#### Dataset extract
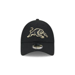 The Penrith Panthers NRL Supporter Black Gold 9FORTY Snapback features an embroidered raised gold Panthers logo on a structured and contoured polyester black crown, a gold NE Flag logo on the left, and an adjustable snapback enclosure.
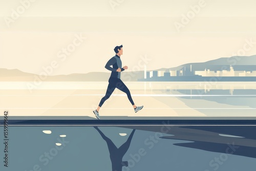 Man jogging vector flat minimalistic isolated illustration, Minimalistic vector illustration of a man jogging, depicted in a flat design style against a plain background
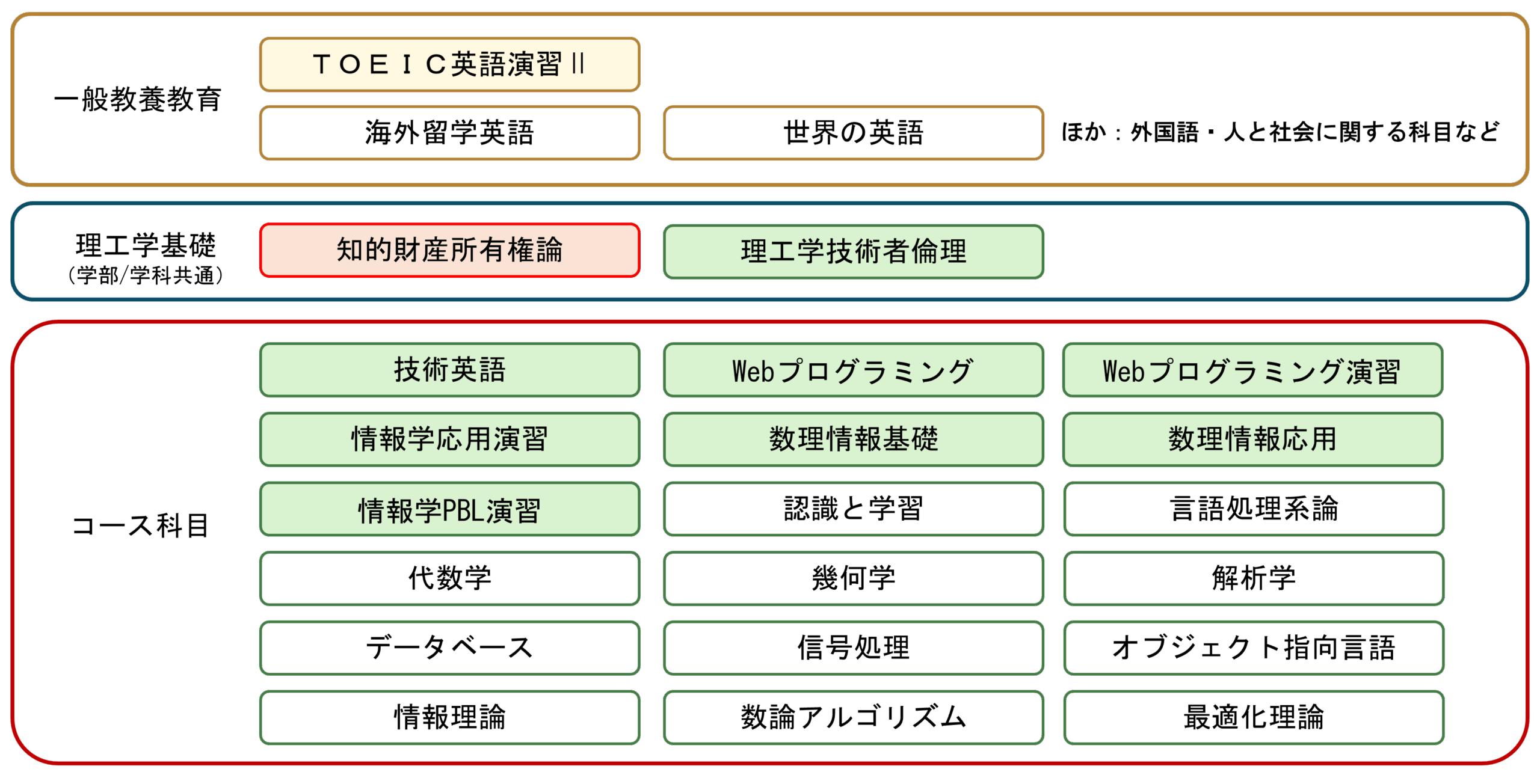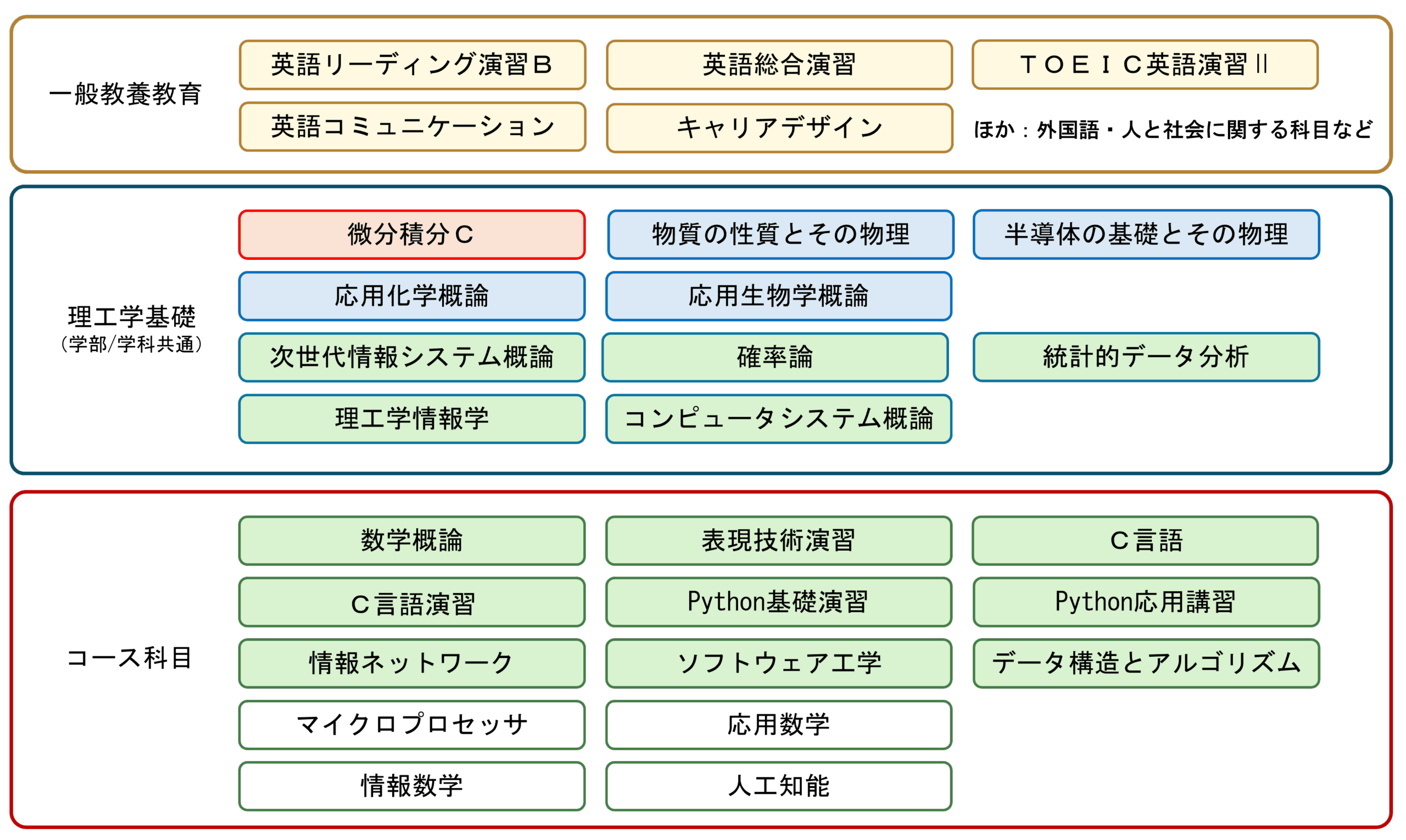コースの専門科目を中心に、より深い学びを追求し活用するために、当該分野に関わる専門知識を広く修得するとともに、

#### What is needed
The reply should consist of the listing restated word for word, with its pictures removed.

#### Answer below
 The Penrith Panthers NRL Supporter Black Gold 9FORTY Snapback features an embroidered raised gold Panthers logo on a structured and contoured polyester black crown, a gold NE Flag logo on the left, and an adjustable snapback enclosure.
 Man jogging vector flat minimalistic isolated illustration, Minimalistic vector illustration of a man jogging, depicted in a flat design style against a plain background
コースの専門科目を中心に、より深い学びを追求し活用するために、当該分野に関わる専門知識を広く修得するとともに、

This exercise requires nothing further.